Dans cet article à paraitre dans l’AJKD, une équipe suédoise s’intéresse à la prescription de novo d’un antihypertenseur, par le néphrologue et à un stade avancée d’IRC (stade IV ou V), afin d’étudier la sûreté d’utilisation d’un bloqueur du SRAA même à ces stades et la persistance d’un bénéfice en terme de néphroprotection.

Patients/matériels et méthodes

Tous les patients avec un DFG CKD-EPI < 30mL/min chez qui un bloqueur du SRAA ou inhibiteur calcique était nouvellement introduit ont été inclus. La période d’inclusion s’étendait de janvier 2007 à juin 2017. Les données étaient extraites de l’équivalent suédois du registre REIN croisé avec un registre de délivrance des traitements en pharmacies. En plus des données classiques, les auteurs ont également recueilli certaines covariables susceptibles d’avoir influencé la prescription de l’une ou l’autre classe, comme un antécédent d’hyperkaliémie ou la rapidité du déclin du DFG. Le critère de jugement principal était l’initiation d’un traitement de suppléance rénale, les critères secondaires étaient la mortalité et les évènements cardiovasculaires. La survenue d’une IRA et les hospitalisations pour hyperkaliémie étaient aussi recueillies.

Résultats

Au total, 2458 patients dans le groupe SRAA (équilibré entre ARA2 et IEC) et 2345 dans le groupe ICa ont été analysés (sur 21065 patients stades IV-V suivis en néphrologie). La médiane de DFG était à 20 mL/min (15-21). Les patients chez qui un bloqueur du SRAA était débuté avaient moins de risque que ceux sous inhibiteurs calciques de débuter un traitement de suppléance (Hazard Ratio ajusté 0.79, 0.69-0.89). Les risques de mortalité (HR 0.97, 0.88-1.07) et d’évènement cardiovasculaire (1.00, 0.88-1.15) étaient équivalents entre les deux groupes.

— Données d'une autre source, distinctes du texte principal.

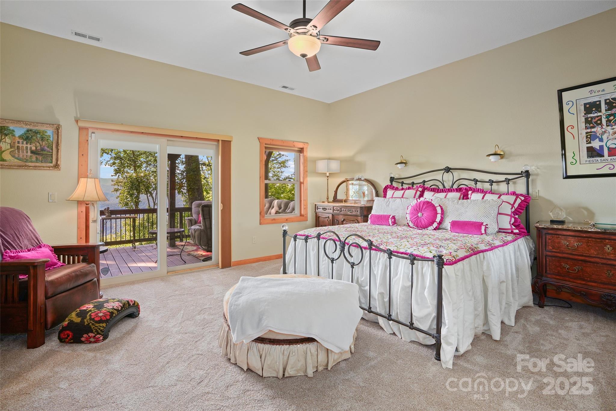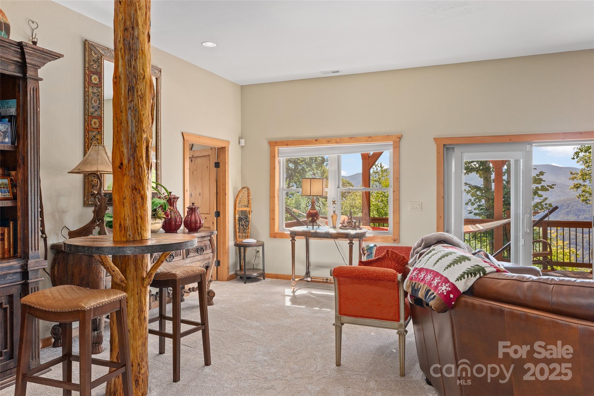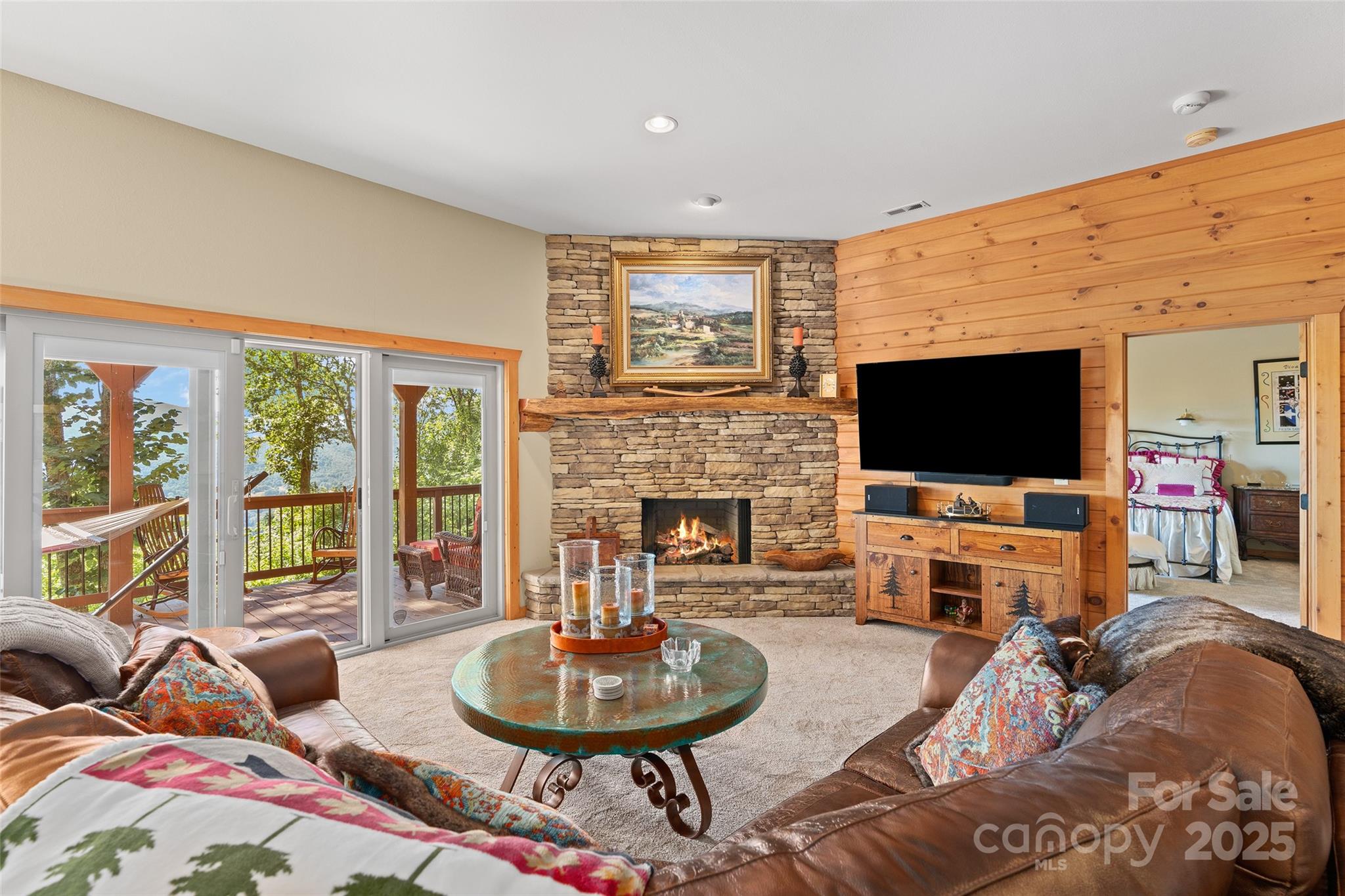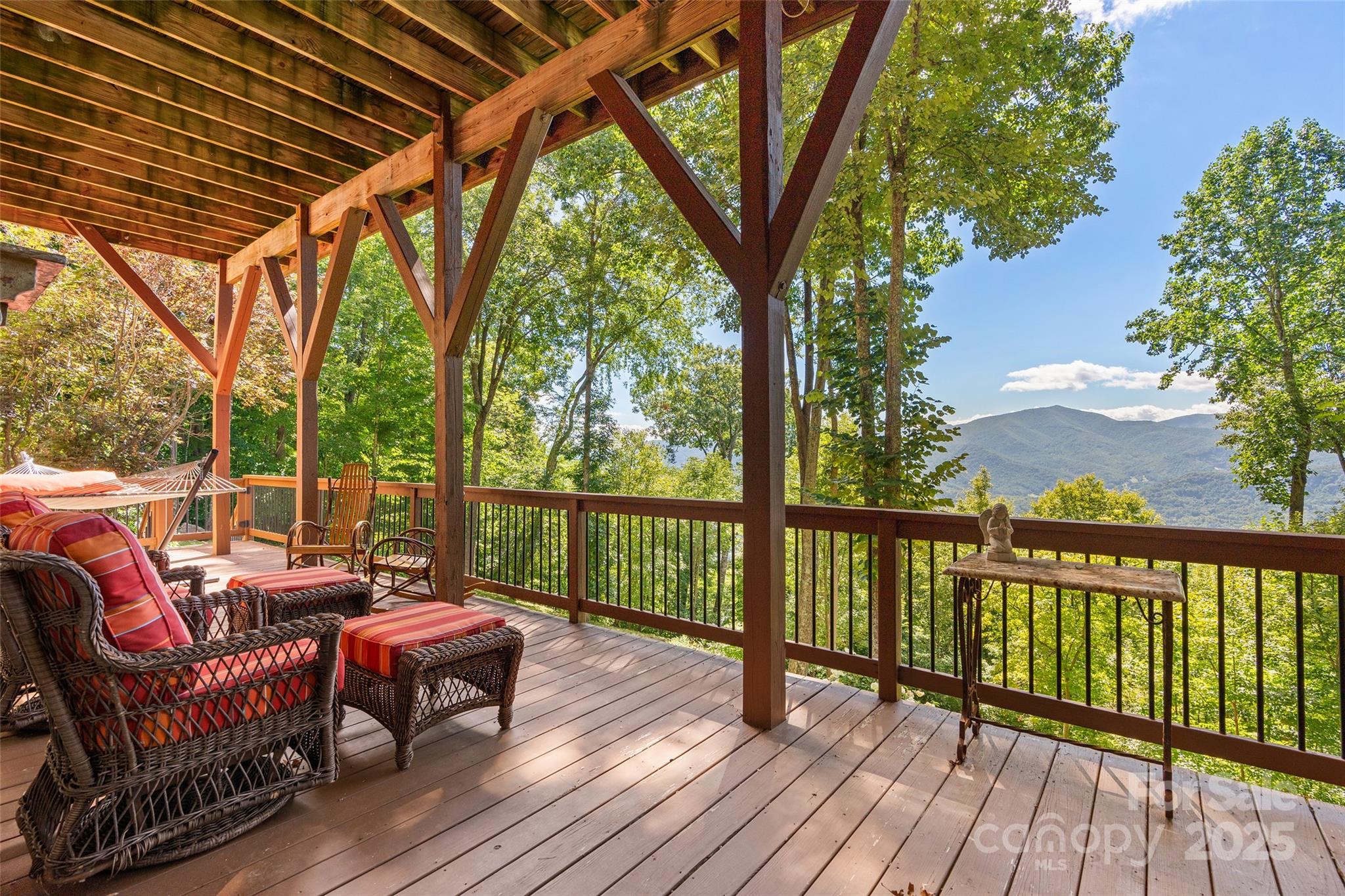 Live the mountain dream at 3,900 feet elevation in this expansive Laurel Ridge Country Club home, just 10 minutes from Main Street Waynesville! This stunning residence offers both covered and open decking to soak in breathtaking, long-range views of the mountains, city, valley, and golf course. Set on a rare 3.73-acre lot, you'll enjoy peace, privacy, and quiet that's hard to find. Featuring 3 bedrooms and 4.5 bathrooms, the home is ideal for a full-time residence, second home, or retirement retreat. While it's currently being used as a 4-bedroom home, the septic permit is for 3 bedrooms. As you step through the front door, a wall of windows immediately showcases panoramic mountain views. The post-and-beam front porch adds rustic charm, and nearly every room in the house captures the beauty of the surrounding landscape. The main level boasts a luxurious primary suite, with incredible double vanity counter top, and tile floor and shower, guest bedroom with full bathroom, soaring T&G ceiling great room with gas log fireplace, a beautifully appointed kitchen with quartz counter tops, and laundry room all on the main level! Upstairs, you’ll find an open loft office with a half bath. The lower level offers self-sufficient guest quarters complete with a coffee bar, recreation room, bonus/bedroom, full bath room, and additional guest suite—perfect for hosting family and friends. High-end finishes and meticulous attention to detail define the inviting floor plan of this exceptional mountain retreat!

Sous bloqueur du SRAA, 0.7 % des patients avaient été hospitalisé pour hyperkaliémie et 3.4 % pour IRA, contre 0.8 % et 3.1 % respectivement pour les patients sous inhibiteur calcique. Dans les analyses en sous-groupes, le bénéfice d’un bloqueur du SRAA sur l’initiation du traitement de suppléance persistait uniquement chez les patients jeunes (<70 ans).

Conclusion

Cette étude montre un réel bénéfice de l’utilisation à un stade avancé d’IRC d’un IEC ou d’un ARA2, comparativement à un inhibiteur calcique, sur le délai avant initiation du traitement de suppléance rénale, en particulier chez les patients les plus jeunes.

Les plus du papier

  • Étude originale et à grande échelle (nationale), avec suivi au long cours (suivi médian 4.1 ans).
  • Étude répondant à une question pratique que le néphrologue se pose au quotidien, et rassurante sur la tolérance même à un stade avancé des bloqueurs du SRAA

Les critiques

  • Étude observationnelle de registre, avec donc un caractère rétrospectif mais les différents registres utilisés par les auteurs permettent de s’approcher de l’exhaustivité en population générale.
  • Biais lié à l’indication de l’une ou l’autre des classes thérapeutiques : peu de données fournies.
  • Quelles sont les habitudes de prescription en Suède ? Les auteurs rapportent notamment que (avant ajustement) les patients chez qui un bloqueur du SRAA était prescrit avaient de façon surprenante un débit de protéinurie plus faible, et de façon plus attendue un DFG plus élevé.
  • Peu de données sur les arrêts / switch de traitement (analyse en intention de traiter).